When it comes to politics, the situation of neglect of sexual issues is general. The simplest explanation is that sexuality is seen as a natural and private affair, and therefore is not of political concern. In the past, churches showed eagerness to involve themselves with these private issues and provided a dogmatic ideology of morals and human sexual nature that politicians nowadays rather leave to scientists who are no less dogmatic in this regard – most espouse heteronormativity in one form or another.

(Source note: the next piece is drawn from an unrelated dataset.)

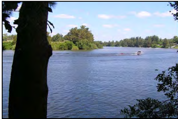
PHOTO 1: View of Hawkesbury River looking south-east from the 'pinch-point', northern valley (10.01.2008).

Nevertheless, politicians permanently busy themselves with sexual issues and their consequences and continue to do so, thus invading the citizen’s private realm, often without public discussion, rather using medical “expertise” (Foucault’s bio-power). This includes topics like marriage, divorce, adultery, homosexuality, sex education, prostitution, pornography, children and age of consent, public sex, erotic advertising, spaces for cruising, dark rooms, zoning rules for sex businesses and so forth. The problem with non-religious political parties is that they rarely have a comprehensive sexual ideology, but nevertheless create sexual politics all over the place, mostly following medical and social science advise, volatile social prejudice and public opinion. They may have developed programs regarding economics, care, criminality, terrorism, army and police and ecology, but rarely about sexuality, and if so, on a limited scale.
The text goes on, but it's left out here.